Иногда высказывается мнение, что настоящее признание ГДР состоялось лишь осенью 1987 года, когда Хонеккер нанес визит в Бонн. Если эта теория верна, то внутриполитическая борьба, начавшаяся за семнадцать с половиной лет до моей поездки в Эрфурт, являлась битвой призраков. Причем и осенью 1987 года не стеснялись придумывать протокольные каверзы. Меня и позабавило, и поразило, когда я увидел, как встречали председателя Госсовета перед ведомством канцлера, слегка сократив военную церемонию: рота почетного караула выстроилась в несколько уменьшенном составе, рапорт отдавал не командир роты, а его заместитель, исполнялись не государственные гимны, а просто гимны, что, впрочем, не отразилось на их мелодии.
Режиссеров этого спектакля в какой-то мере оправдывало то, что наследие времени, когда протокол заменял политику, отбрасывало очень длинную тень. Федеративная Республика настолько запуталась в ритуалах непризнания другого немецкого государства, что она не смогла бы враз избавиться от этих пут. Работая еще в Берлине, я понял, что разъяснять иностранцам нашу философию непризнания очень трудно, а порой и безнадежно. Гарольд Вильсон, став премьер-министром, в шутку сравнил сложившуюся ситуацию с посещением зоопарка: если я узнал слона, это еще не значит, что я его признаю. При этом ему очень помогло двойное значение английского слова «recognize»[8]8
To recognize – узнавать, признавать (англ.).
[Закрыть].
Во время парламентских дебатов по «восточным договорам» я не в последнюю очередь подчеркнул, что признание сложившегося положения, связанное с желанием улучшить его, решительно отличается от сопровождаемого клятвенными заверениями бездействия. Еще до этого, на дортмундском съезде СДПГ ранней весной 1966 года, я призвал к двойной правдивости: по отношению к своему народу и по отношению к иностранным партнерам: «Нехорошо, когда кто-то обещает больше, чем может дать». В Москве, как и потом в Варшаве и в других местах, мы разъясняли и не оставляли сомнения в том, что у нас серьезные отношения и к отказу от применения силы, и к нашему участию в установлении мирного порядка в Европе, но что мы не собираемся ни признавать в другой части Германии такую же заграницу, как в любой другой стране, ни приписывать несвойственные ей признаки демократии. С нашей точки зрения, тем более не могло быть и речи о том, чтобы проставить на всех случайностях и нелепицах послевоенных лет и «холодной войны» штамп «окончательно». Правда, я охотно признаю, что мне доставляло жуткое удовольствие видеть, как марксисты или те, кто хотел, чтобы их таковыми считали, наперегонки с другими консерваторами утверждали, что существующие условия и обстоятельства никогда не изменятся.

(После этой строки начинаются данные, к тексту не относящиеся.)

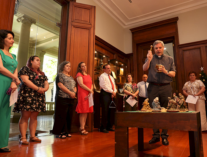 photo_camera Bendición pesebre en Rectoría junto al equipo. Foto: Dirección de Comunicaciones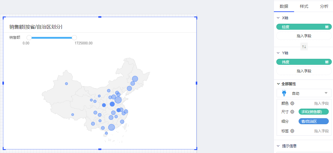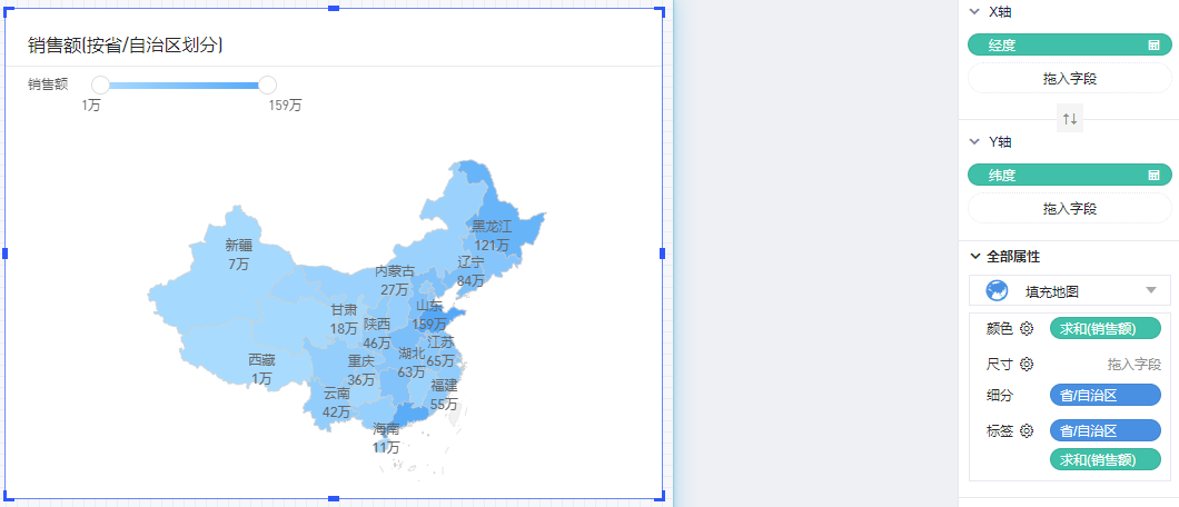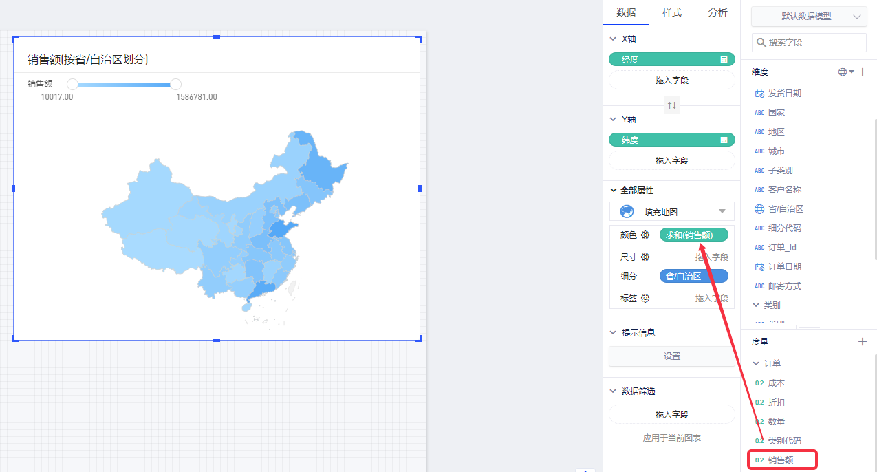 以默认数据模型为例,在地图上显示各个省份的销售额情况,将涉及到2个字段: 维度“省/自治区”,度量“销售额”。

Московский договор не предвосхитил мирный договор и не подорвал права четырех (!) держав. То, что это пришлось выяснять министерству иностранных дел, – ерунда. Мы также не нуждались в указаниях на то, что неприкосновенность границ не обязательно должна быть идентичной их окончательному характеру. Если говорить конкретно, то дальше всех пошел проницательный Эгон Бар, когда он в ответ на требование международно-правового признания ГДР заявил о нашей готовности заключить соглашение, «которое будет иметь такую же обычную между государствами обязательную силу, как и другие соглашения, заключенные ФРГ и ГДР с третьими странами».

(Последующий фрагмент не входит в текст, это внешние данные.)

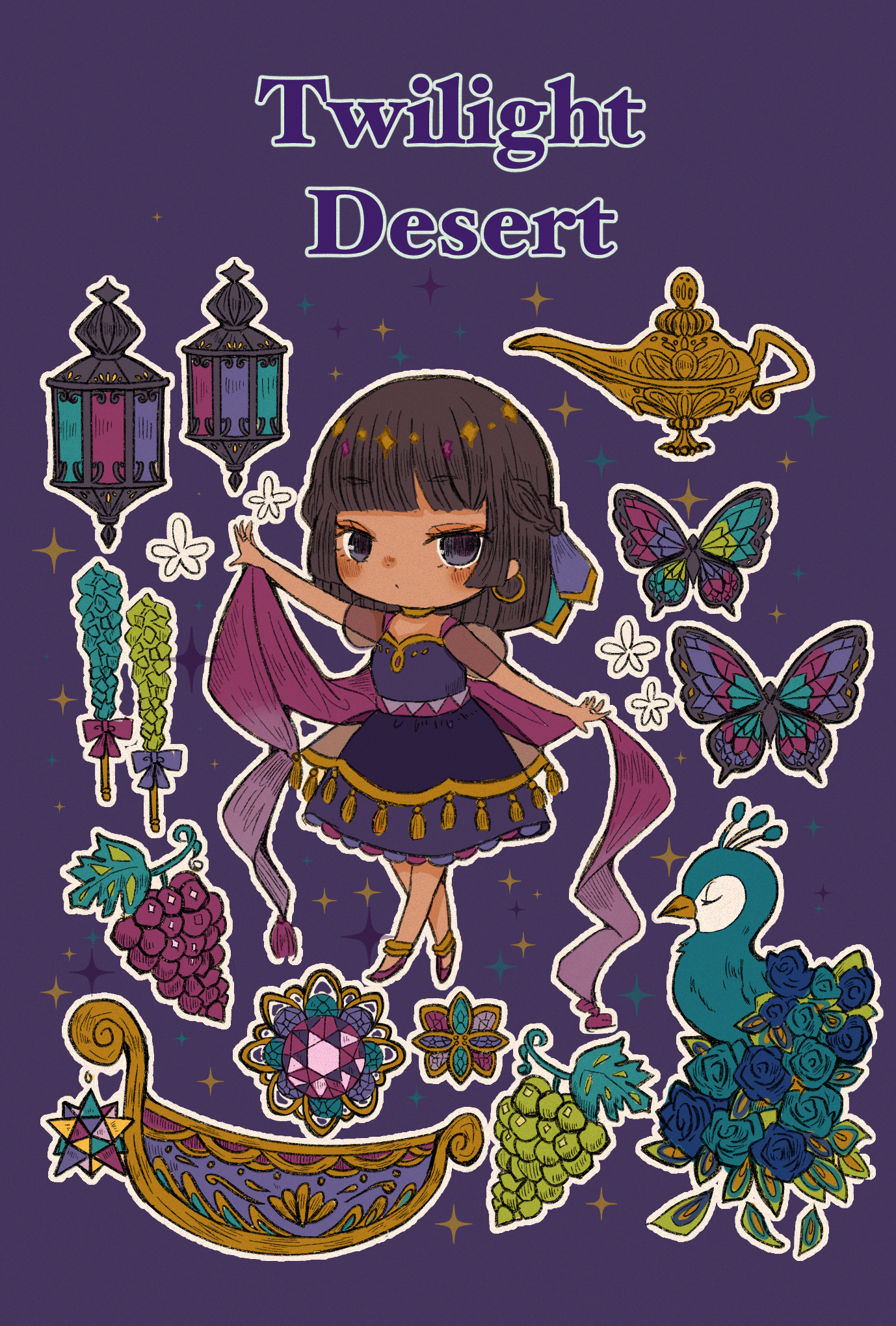 1girl anklet bird brown_hair bug butterfly cerika closed_mouth dot_mouth dress earrings english_text food fruit full_body gem grapes highres hoop_earrings insect jewelry oil_lamp original outline peacock peafowl purple_background purple_dress purple_eyes solo sparkle white_outline

С полным основанием и с учетом интересов миллионов восточногерманских земляков в декабре 1979 года в Варшаве я особо выделил то, что мы намерены и что не намерены признавать. «Договор не означает, – сказал я по телевидению, – что мы узакониваем несправедливость, оправдываем насилие или одобряем изгнание. Нам больно за потерянное, и я не сомневаюсь, что многострадальный польский народ уважает нашу боль». В Бонне я отдельно обратился к изгнанным и попросил их обратить свои взоры в будущее. Никто из нас не мог с легким сердцем примириться с потерей четвертой части германской территории (в границах до гитлеровской экспансии), с потерей областей, так много значивших для германо-прусской истории, а также для немецкой культуры. Однако с присущей мне логикой я повторял: «Нельзя отдать то, что тебе больше не принадлежит, нельзя распоряжаться тем, чем распорядилась история».

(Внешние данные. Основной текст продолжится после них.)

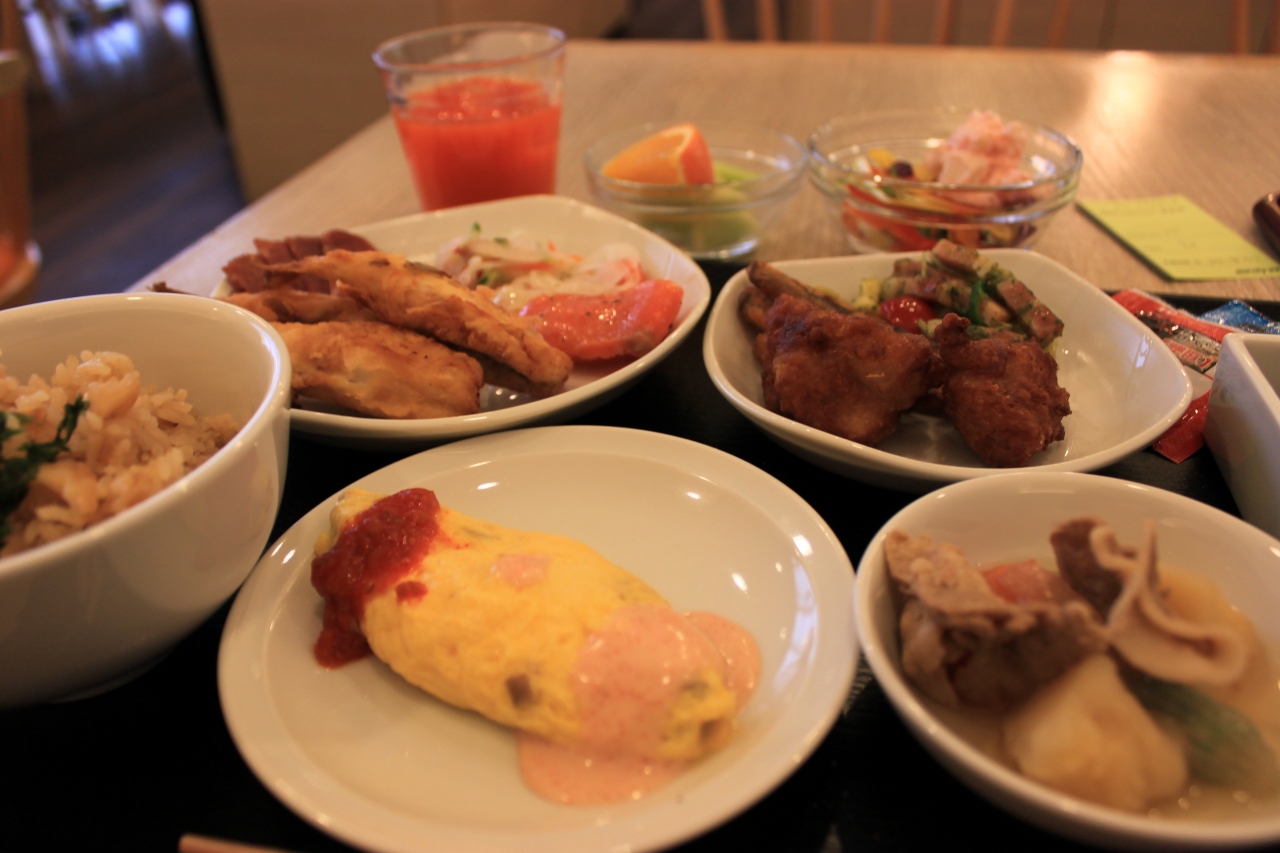 前日のホテルは朝食バイキング別で¥1100でしたがこちらの方が断然よいです。

Марион Денхоф, гамбургская публицистка, представительница восточнопрусского дворянского рода, писала после 7 декабря 1970 года: «Договор – это венок на могилу Пруссии, но этой могиле уже много лет». Я пригласил графиню Денхоф, а также уроженца Данцига Гюнтера Грасса и выходца из Восточной Пруссии Зигфрида Ленца поехать со мной в Варшаву. Она позвонила и попросила отнестись с пониманием, почему она хотела бы отказаться от поездки: для нее это было бы слишком большим испытанием и к тому же она не обязана давать на все согласие. Глубоко тронул меня также подарок от родственников много переживших прусских семей: скульптура женщины «Предостережение потомкам» выражала желание, чтобы ужасы прошлого никогда не повторились.
В «Златом граде», когда подписывался наш договор с Чехословакией, я также сказал: «Договор не санкционирует происшедшую несправедливость; следовательно, он тоже не означает, что мы задним числом узакониваем изгнание. Но я очень надеюсь, что вчерашняя вина, которую нельзя искупить разговорами, не в состоянии удержать наши народы от риска примирения».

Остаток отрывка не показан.